政府は26日、国家安全保障会議(NSC)9大臣会合を持ち回りで開き、防衛装備移転三原則の運用指針を改定し、国際共同開発する防衛装備完成品の第三国への輸出解禁を決めた。当面は英国、イタリアと開発中の次期戦闘機に限定する。
共同開発品はこれまで、開発相手国を除き輸出できなかった。政府は昨年12月、外国企業の技術を用いて国内で製造する「ライセンス生産」の装備品について、輸出規制を大幅に緩和。これに続く安全保障政策の大転換となる。
自民、公明両党の協議に基づき、政府は26日の閣議で、なし崩しの輸出拡大を防ぐ「歯止め策」を決定。実際に輸出する際は、個別の案件ごとに閣議決定する。従来はNSCの決定事項だったが、意思決定のプロセスを厳格化。与党の事前審査も担保する。
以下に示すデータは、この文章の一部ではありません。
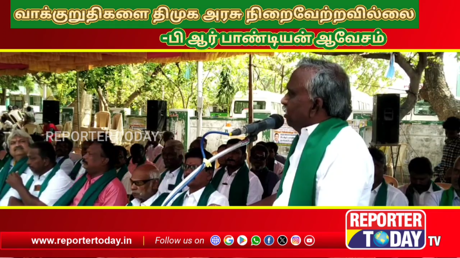 விவசாயிகளுக்கு திமுக அரசு கொடுத்த வாக்குறுதிகளை நிறைவேற்றவில்லை- பி. ஆர். பாண்டியன் குற்றச்சாட்டு Post navigation கோரிக்கைகளை நிறைவேற்றக் கோரி கோஷமிட்ட விவசாயிகள் வரும் தேர்தலில் யாருக்கு வாக்களிப்பது என்பதை விரைவில் அறிவிப்போம் பி.ஆர். பாண்டியன் பேட்டி
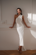 Invest in a timeless style that provides both sophistication and class. The Sofia Midi Dress is designed with a high single shoulder neckline that is wrapped around the neck and draped down the back, a fitted skirt that hugs the hips and sits at a midi length. Cut from a luxurious matte satin fabric in a soft white tone. Reinvented for the modern woman, the Sofia Midi Dress is the epitome of luxury.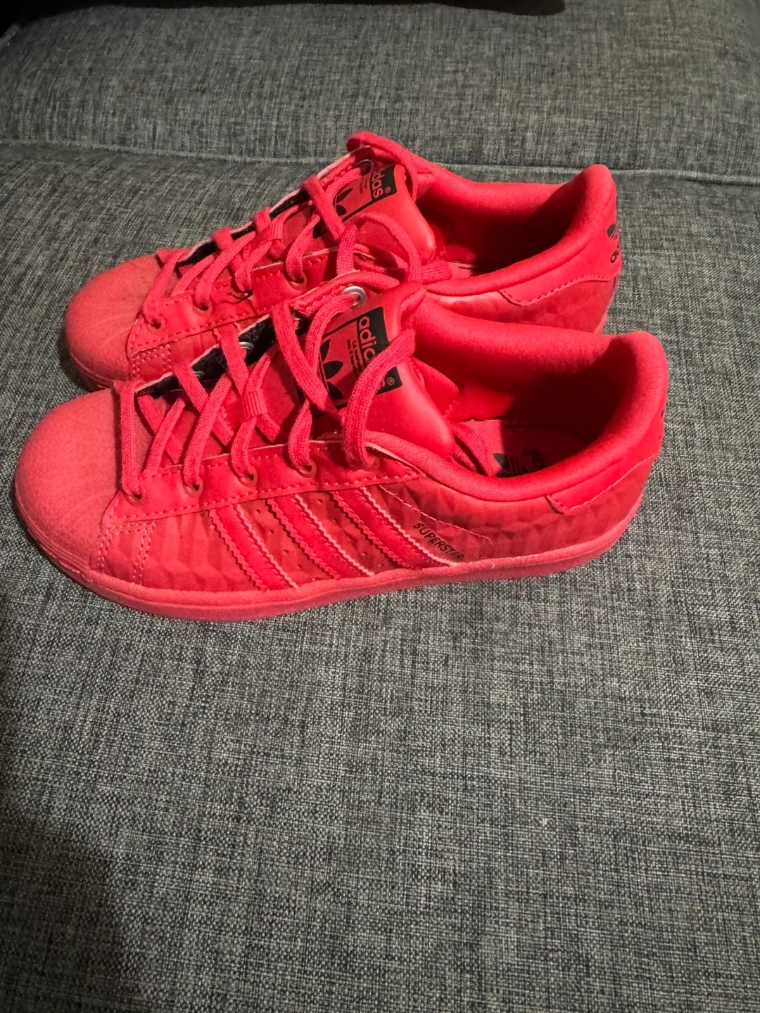 Selling a pair of Adidas Superstar sneakers in red! These are a stylish and comfortable choice for everyday wear. They show some signs of wear, but still have lots of life left in them!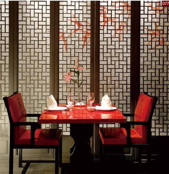 在現(xiàn)代設(shè)計中最具有代表性的中國傳統(tǒng)色彩莫過于紅色,它代表的是中國人的熱情、熱血和鮮明的特性。我國古代木建筑中最高等級的、流傳至今的宮殿建筑,就以紅、黃二色為主色,它深深影響了傳統(tǒng)色彩在現(xiàn)代室內(nèi)設(shè)計中的運(yùn)用。即便是現(xiàn)在,吉慶日子到處張燈結(jié)彩,燈是掛的紅燈籠,彩結(jié)是的紅彩綢。餐廳設(shè)計公司設(shè)計師舉例說,例如,餐廳中大面積的紅桌布、紅座椅等仍然是喜慶的象征。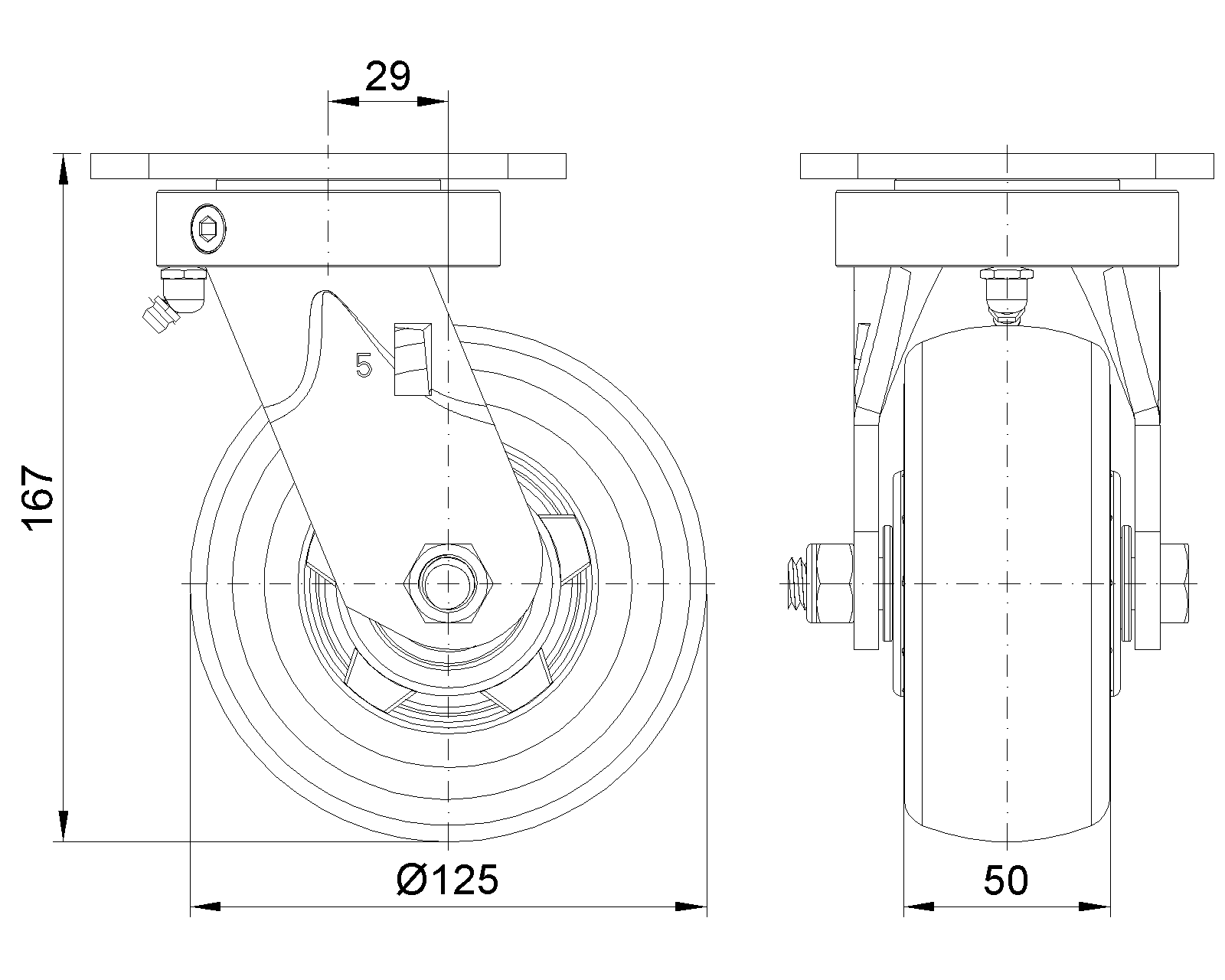 | Wheel tread: Made of high quality polyurethane Wheel Center: iron core/cast iron core Drawings are for reference only and may differ from the product |

輸出可能な共同開発品は「個別のプロジェクトごとに運用指針に明記する」とし、今回は次期戦闘機のみを記載した。対象を広げる場合は改めて指針の改定が必要となる。
次期戦闘機の輸出先は「国連憲章の目的と原則に適合した使用を義務付ける国際約束の締結国」に絞る。具体的には「防衛装備品・技術移転協定」の締結国で、現在は米国、オーストラリア、インドなど15カ国。「武力紛争の一環として現に戦闘が行われていると判断される国」は除外する。
政府はF2戦闘機の後継機として、2022年12月に英伊と共同開発で合意。指針の改定は、輸出に伴う価格低減効果を重視する両国側の意向を踏まえたものだ。26日に閣議決定した文書では「英伊と同等の立場を確保する必要があるとの認識に至った」と明記した。
日英伊は35年度の開発完了を目指し、開発体制や作業分担に関する交渉を本格化させる。